WinMagic strongly recommends that you install the most recent software release to stay up-to-date with the latest functional improvements, stability fixes, security enhancements and new features.
This document contains important information about the current release. We strongly recommend that you read the entire document.
Recommended – WinMagic recommends this service release for all environments. Apply this update at your earliest convenience.
MagicEndpoint Client and IdP Documentation can be accessed at:
ME 1.4 (Current)
November 11, 2023
Updates, improvements, new features
March 2, 2023
Updates, improvements, new features
December 9, 2022
Updates, improvements, new features
July 20, 2022
|Updates, improvements, new features|
March 31, 2022
Initial Release of MagicEndpoint and
Client OS Support
In this initial version, only Windows devices are supported.
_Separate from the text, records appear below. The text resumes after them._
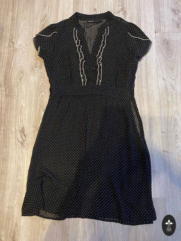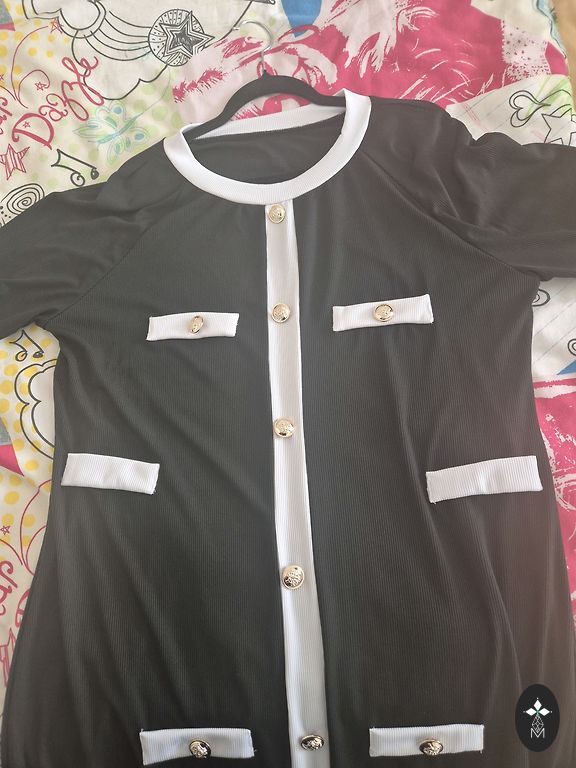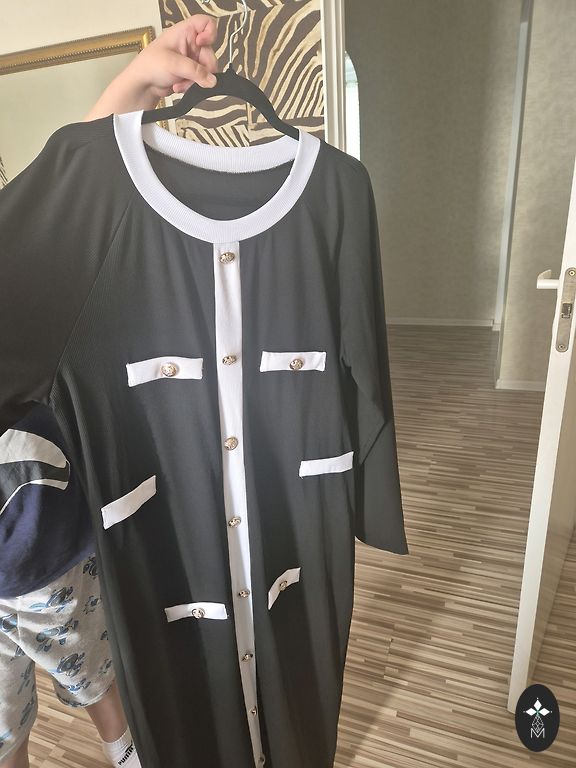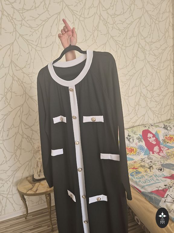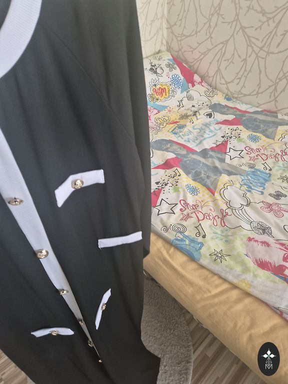 Pikk kleit või poolpikk. Kleidi pikkus 120 cm. Laius rinnaosas 46x2 cm. Tegelikult sobib suurus m/l.
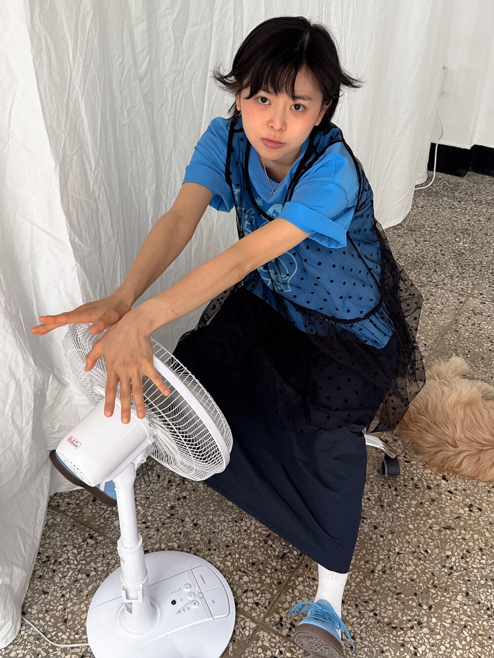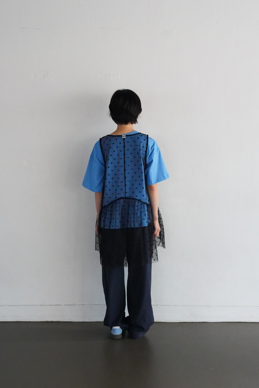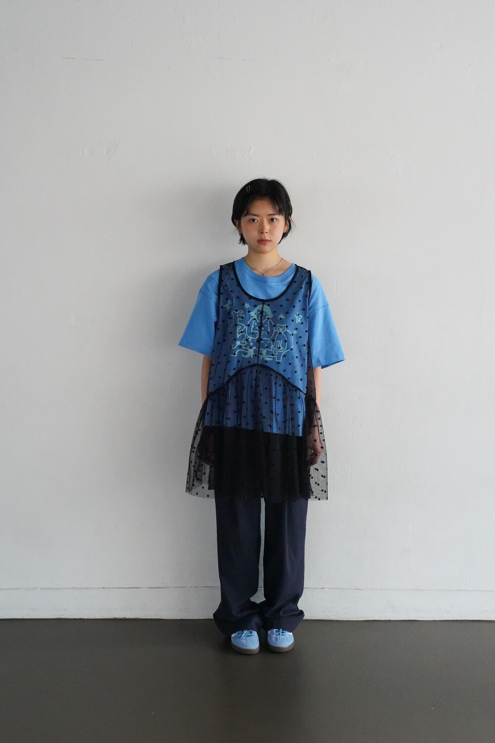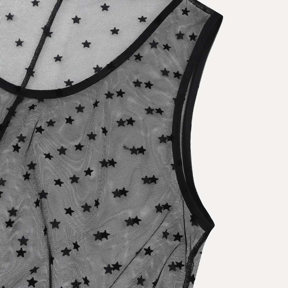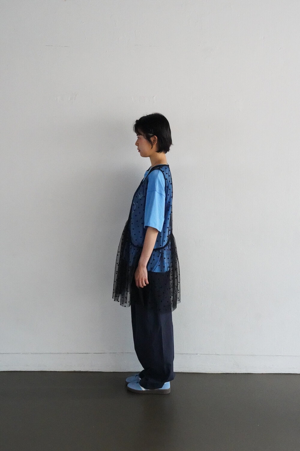 별 모양 후로킹(촉감이 마치 스웨이드 같은 섬유)으로 프린팅된 매쉬 소재를 이용하여 만들어진 제품입니다. 워낙 얇고 가벼워 여름에도 레이어링이 가능한 제품입니다.
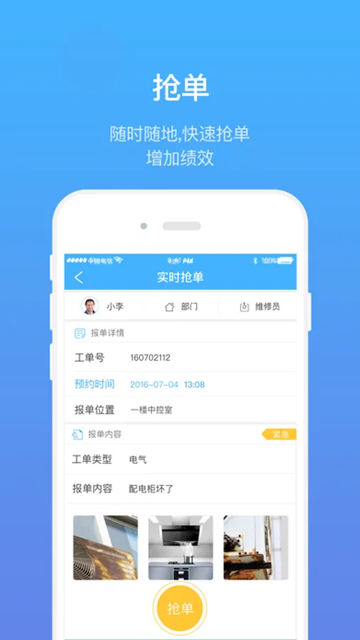 报修模块 : 可以实现报、修两端直通,员工一键抢工单挣绩效,时时掌控进度随时抓取数据,大大缩短了沟通时间,提高了故障响应速度,压缩了管理层级。
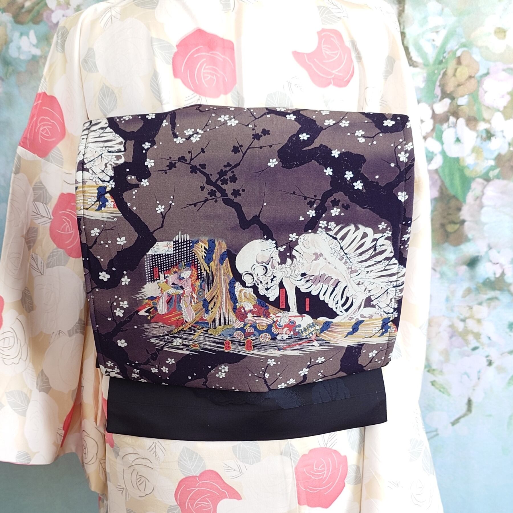 ob228 フック付 ワンタッチ二部式作り帯 一重太鼓結び ガシャ髑髏 滝夜叉姫
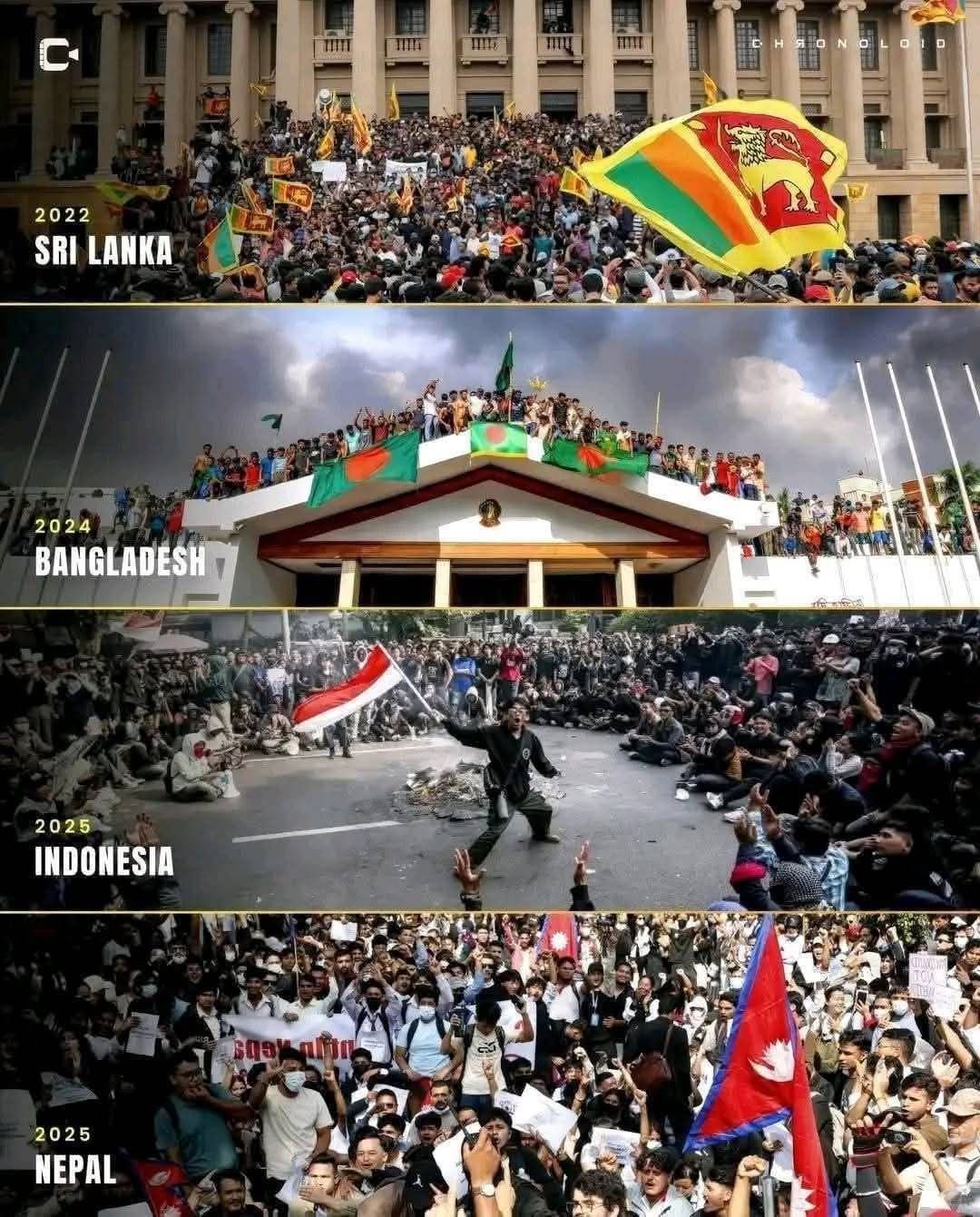 দক্ষিণ এশিয়ার দেশে দেশে শুরু হয়েছে গণঅভ্যুত্থান। স্বৈরাচারী সরকারের অকস্মাৎ পতন। বস্তুত কোন রাষ্ট্রে বিপ্লব হঠাৎ সংঘটিত হয় না। মানুষ স্বতঃস্ফূর্তভাবে স্বৈরাচারের বিরুদ্ধে রাস্তায় নামে না। মানুষ যখন দেখে, সশস্ত্র প্রতিরোধ ছাড়া স্বৈরশাসন থেকে মুক্তি সম্ভব নয়; তখন তারা জীবনের পরোয়া না করে রাজপথে নামে। শ্রীলঙ্কা, বাংলাদেশ ও নেপালের ক্ষেত্রে একথা একশো শতাংশ সত্য। দীর্ঘ স্বৈরশাসনের বিরুদ্ধে ২০১১ সালে আরব বিশ্বে এ ধরনের গণঅভ্যুত্থান শুরু হয়েছিল, যাকে বলা হয় Arab Spring বা ‘আরব বসন্ত’। তবে সেই অভ্যুত্থান সফল হয়নি। কারণ, সেখানে স্বৈরাচারী শাসকদের পৃষ্ঠপোষক আমেরিকা ও ইউরোপ নির্লজ্জভাবে তাদের পাপেটদের রক্ষা করতে এগিয়ে আসে। তারা স্বৈরশাসকদের পক্ষাবলম্বন করে। কট্টর স্বৈরশাসকরা ভয়ানক সহিংসতা ও শক্তি প্রয়োগ করে ‘আরব বসন্ত’ দমন করে।
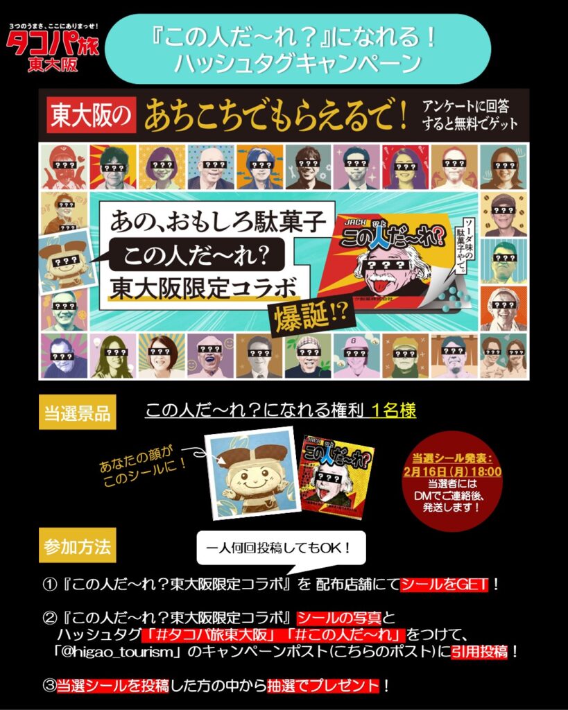 ②『この人だ~れ?東大阪限定コラボ』シールの写真とハッシュタグ「#タコパ旅東大阪」「#この人だ~れ」をつけて、 「@higao_tourism」のキャンペーンポスト(こちらのポスト)に引用投稿!
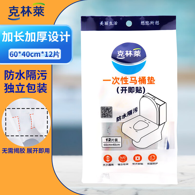 克林莱一次性马桶坐垫60*40cm*12片防水防污独立包装旅行便携外出坐垫纸
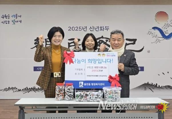 뉴스펀치 김길룡 기자 | 수원시 장안구 율천동은 지난 10일 한국보건복지인재원 경인교육센터가 율천동 지역사회보장협의체의 환경과 나눔 특화사업인 1석2조 이웃사랑 나눔사업에 함께 참여했다고 전했다.
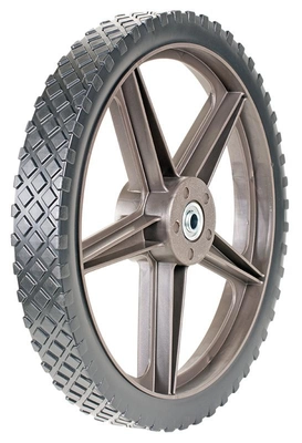 Koło jezdne jest wykonane z wysokiej jakości, odpornego na uderzenia tworzywa o wzmocnionej konstrukcji oraz trwałej opony z wyraźnym bieżnikiem. Pięcioramienna obręcz zwiększa sztywność koła i stabilnie przenosi obciążenia z maszyny na podłoże, co jest szczególnie ważne podczas pracy na nierównych, trawiastych i żwirowych powierzchniach. Centralnie umieszczone łożysko gwarantuje lekkie toczenie i ogranicza opory ruchu.
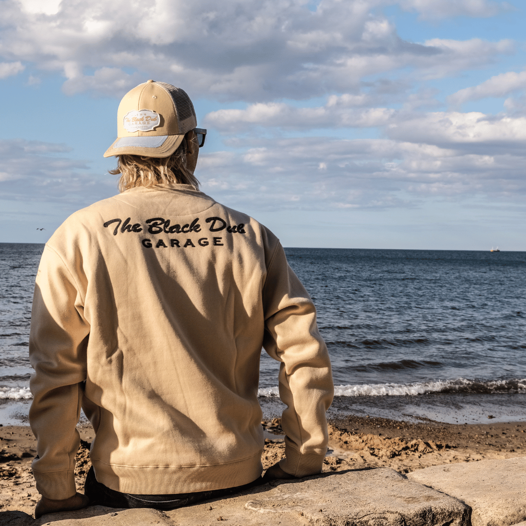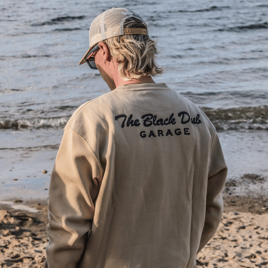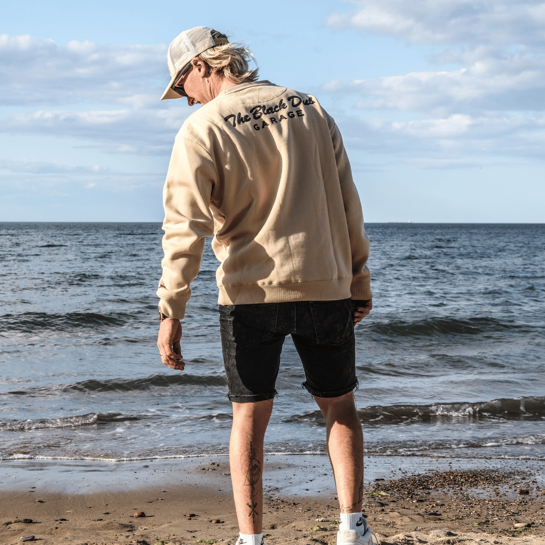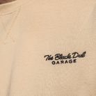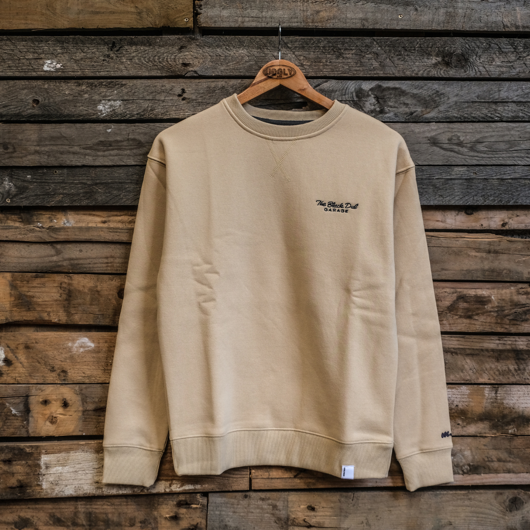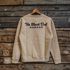 Introducing The Black Dub Garage Jumper, a tribute to the classic workwear once synonymous with garages and petrol stations across Britain. This beige jumper features unique 'Chainlink Embroidery' in black on both the front and back, inspired by the intricate patterns of motorcycle chains layered together for a vintage effect.
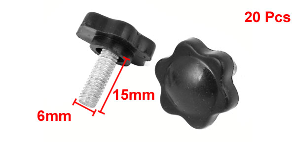 20pcs 25mm Dia Star Shaped Head M6 x 15mm Male Thread Clamping Screw Knob
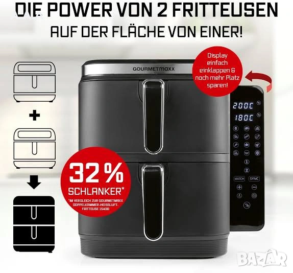 Фритюрник с горещ въздух GourmetMaxx Fryup, вертикален, двойна камера, сгъваем тъчскрийн, капацитет

Devices utilizing MagicEndpoint authentication must have Windows 10 or Windows 11 – Windows 7 is not supported.
NOTE: This version does not support direct upgrade on top of a previous version. Existing customers having previous versions of MagicEndpoint installed should a) Uninstall the MagicEndpoint client, then b) Install this version, then c) Clear their Internet Browser’s cache before attempting to use MagicEndpoint for authentication.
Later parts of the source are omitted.